Wednesday, April 16, 2008

"So Early in the Spring"--Homage to Skunk Cabbage

[See an image of skunk cabbage at this address:

Anyone who sings the praises of Skunk Cabbage must be crazy, right? But hold on a second. The harbinger of earliest spring in Northern Ohio is a lot like us--a survivor of terrible winters, something deep-rooted in the area, shaped by the Lake Effect, and overall a tough hombre! And, yea, like us doesn't always smell too good. One of America's greatest poets, Mary Oliver, grew up in Maple Heights, just southeast of Cleveland. Mary Oliver has written many wonderful poems over the years ("Wild Geese"--one of the greatest), and below is her homage to Skunk Cabbage:

Skunk Cabbage

And now as the iron rinds over
the ponds start dissolving,
you come, dreaming of ferns and flowers
and new leaves unfolding,
upon the brash
turnip-hearted skunk cabbage
slinging its bunches of leaves up
through the chilling mud.
You kneel beside it.
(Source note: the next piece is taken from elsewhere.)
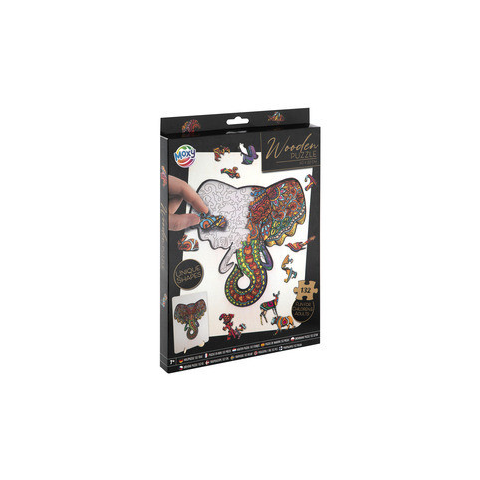 Korosztály: 7 - 14 év Fa puzzle - Elefánt, 132 db A Fa puzzle elefánt termék egy egyedi és kihívást jelentő kirakós, amely egy színes elefántot ábrázol. A puzzle 132 darabból áll, melyek különböző formájúak és méretűek, így a gyerekek és felnőttek számára egyaránt szórakoztató időtöltést nyújtanak. A termék ideális ajándék lehet, fejleszti a kézügyess

The smell
is lurid and flows out in the most
unabashed way, attracting
into itself a continual spattering
of protein. Appalling its rough
green caves, and the thought
of the thick root nested below, stubborn
and powerful as instinct!
But these are the woods you love,
where the secret name
of every death is life again - a miracle
wrought surely not of mere turning
but of dense and scalding reenactment. Not
tenderness, not longing, but daring and brawn
pull down the frozen waterfall, the past.
Ferns, leaves, flowers, the last subtle
refinements, elegant and easeful, wait
to rise and flourish.
What blazes the trail is not necessarily pretty.